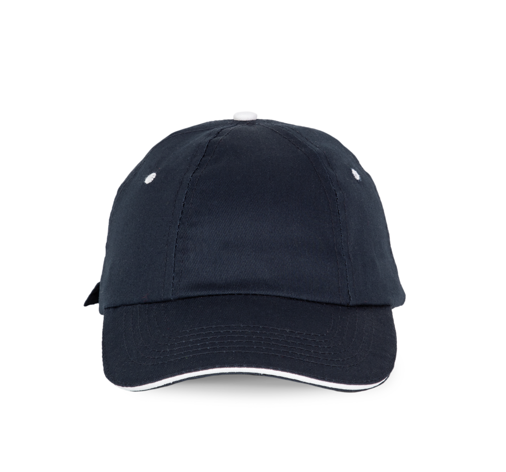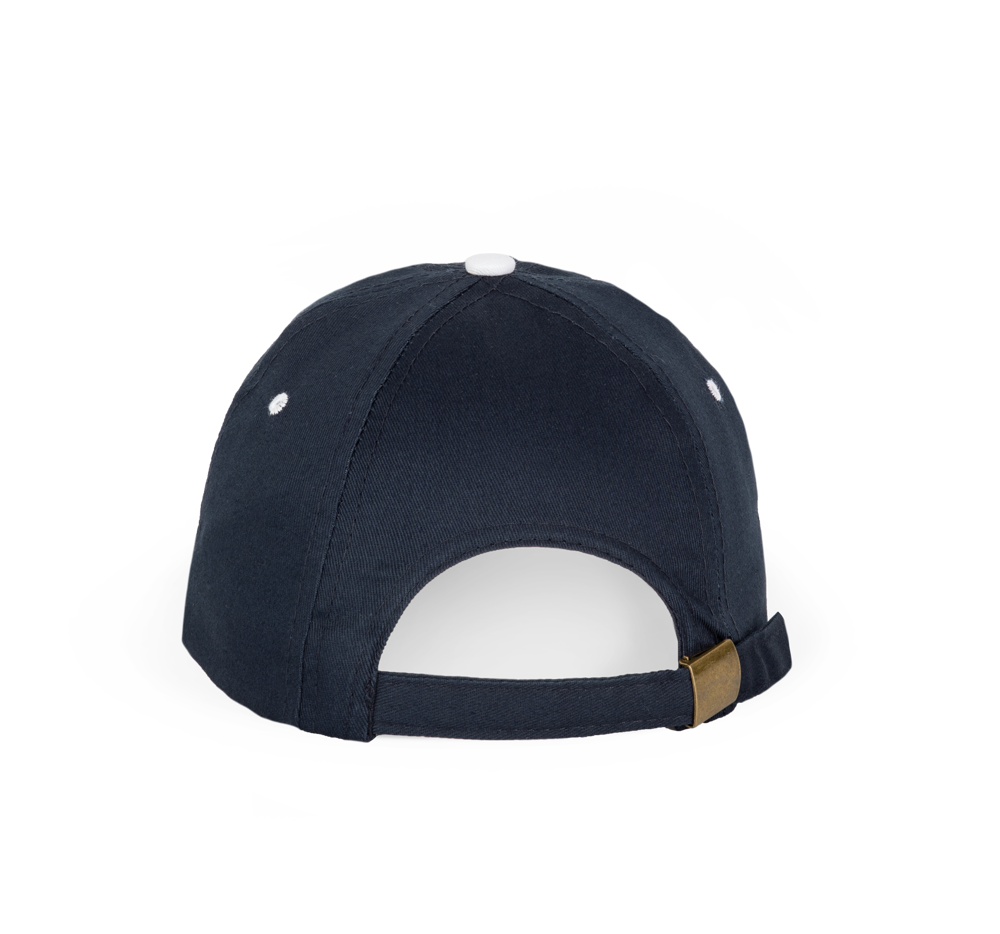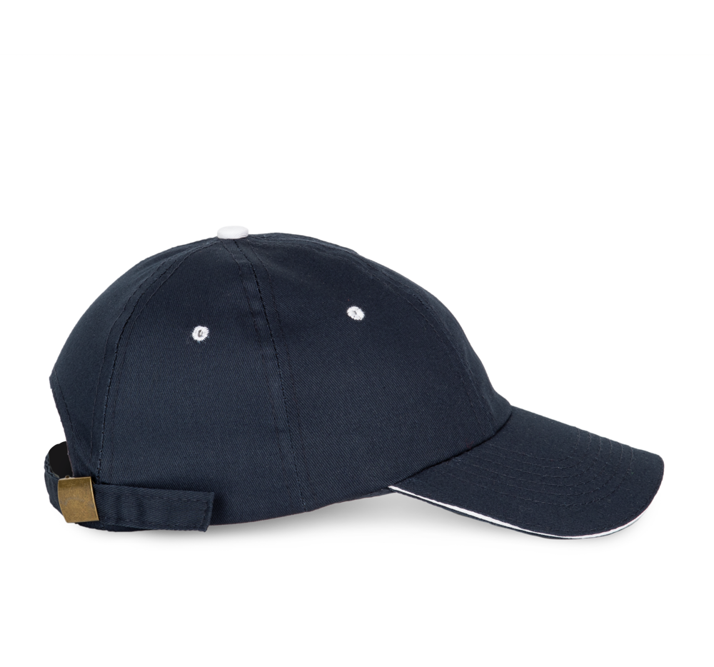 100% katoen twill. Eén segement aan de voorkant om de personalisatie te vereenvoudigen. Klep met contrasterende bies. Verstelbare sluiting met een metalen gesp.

- - - -

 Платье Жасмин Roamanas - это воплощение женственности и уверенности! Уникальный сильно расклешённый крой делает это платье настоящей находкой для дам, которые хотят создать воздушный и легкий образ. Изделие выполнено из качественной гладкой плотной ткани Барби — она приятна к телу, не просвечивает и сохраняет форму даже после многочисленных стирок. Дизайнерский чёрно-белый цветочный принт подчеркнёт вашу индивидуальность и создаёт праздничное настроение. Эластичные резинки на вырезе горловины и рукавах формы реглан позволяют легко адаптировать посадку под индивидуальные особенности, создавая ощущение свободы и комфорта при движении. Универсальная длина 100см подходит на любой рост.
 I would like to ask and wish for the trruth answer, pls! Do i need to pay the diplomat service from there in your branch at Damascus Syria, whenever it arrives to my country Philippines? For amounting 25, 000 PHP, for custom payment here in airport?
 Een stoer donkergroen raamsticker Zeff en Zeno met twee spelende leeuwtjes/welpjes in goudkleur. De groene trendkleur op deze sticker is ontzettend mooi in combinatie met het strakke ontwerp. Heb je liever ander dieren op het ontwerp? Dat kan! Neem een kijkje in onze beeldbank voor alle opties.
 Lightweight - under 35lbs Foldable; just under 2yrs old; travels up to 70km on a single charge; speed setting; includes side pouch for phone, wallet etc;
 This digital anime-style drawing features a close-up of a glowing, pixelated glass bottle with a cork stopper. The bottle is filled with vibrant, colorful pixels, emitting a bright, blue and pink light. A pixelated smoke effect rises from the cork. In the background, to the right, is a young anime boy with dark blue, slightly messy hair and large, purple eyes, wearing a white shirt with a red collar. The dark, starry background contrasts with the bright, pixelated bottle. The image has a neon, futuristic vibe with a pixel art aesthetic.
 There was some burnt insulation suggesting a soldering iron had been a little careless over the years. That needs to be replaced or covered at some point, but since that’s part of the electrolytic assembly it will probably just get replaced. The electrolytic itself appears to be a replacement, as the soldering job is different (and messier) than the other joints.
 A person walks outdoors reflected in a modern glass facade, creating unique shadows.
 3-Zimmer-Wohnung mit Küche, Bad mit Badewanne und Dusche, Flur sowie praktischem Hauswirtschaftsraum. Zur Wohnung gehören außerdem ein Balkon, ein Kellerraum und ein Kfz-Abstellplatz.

- - - -

Check each line of the entries above for the string "glass", and return those that contain it.

 This digital anime-style drawing features a close-up of a glowing, pixelated glass bottle with a cork stopper. The bottle is filled with vibrant, colorful pixels, emitting a bright, blue and pink light. A pixelated smoke effect rises from the cork. In the background, to the right, is a young anime boy with dark blue, slightly messy hair and large, purple eyes, wearing a white shirt with a red collar. The dark, starry background contrasts with the bright, pixelated bottle. The image has a neon, futuristic vibe with a pixel art aesthetic.
 A person walks outdoors reflected in a modern glass facade, creating unique shadows.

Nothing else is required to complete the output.